DNA Shearing (Covaris M220 focused-ultrasonication)

  • Follow ALL General Guidelines above.
  • This service provides shearing of gDNA through focused-ultrasonication with Covaris M220 using microTUBE-50. Validated protocols can be run to obtain mean fragment sizes of 150, 200, 250, 300, 350, 400, and 550 bp.

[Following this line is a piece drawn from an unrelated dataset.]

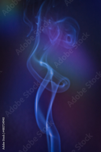 A vertical shot of smoke in colorfull backlight with a blue note

More information on protocols can be found from the manufacturer.
    • DNA shearing includes quantification prior to shearing and size analysis after shearing.
  • Sample volume of 50-55 µl.
  • Up to 5 µg of DNA at a concentration of <100 ng/µl.
  • Manufacturer recommends Tris-EDTA, pH 8.0. Other buffers may be suitable for your application.
  • Length of gDNA should be >10kb.

DNA Size Selection (PippinHT or BluePippin)

  • Follow ALL General Guidelines above.

PCR and Other DNA Cleanup (SPRI bead Cleanup and Size Selection)

  • Follow ALL General Guidelines above.

High- and Low-Throughput Fluormetric Quantification

  • Follow ALL General Guidelines above.
  • This service provides fluorometric quantification of dsDNA.
    • While certain fluorometric assays are capable of quantification of ssDNA, the assays we perform are intended for dsDNA.
  • Sample volume of 10-50 µl.
    • Providing <5 µl may result in our inability to properly perform the assay.
    • Residual sample will be disposed unless an explicit request is made for return.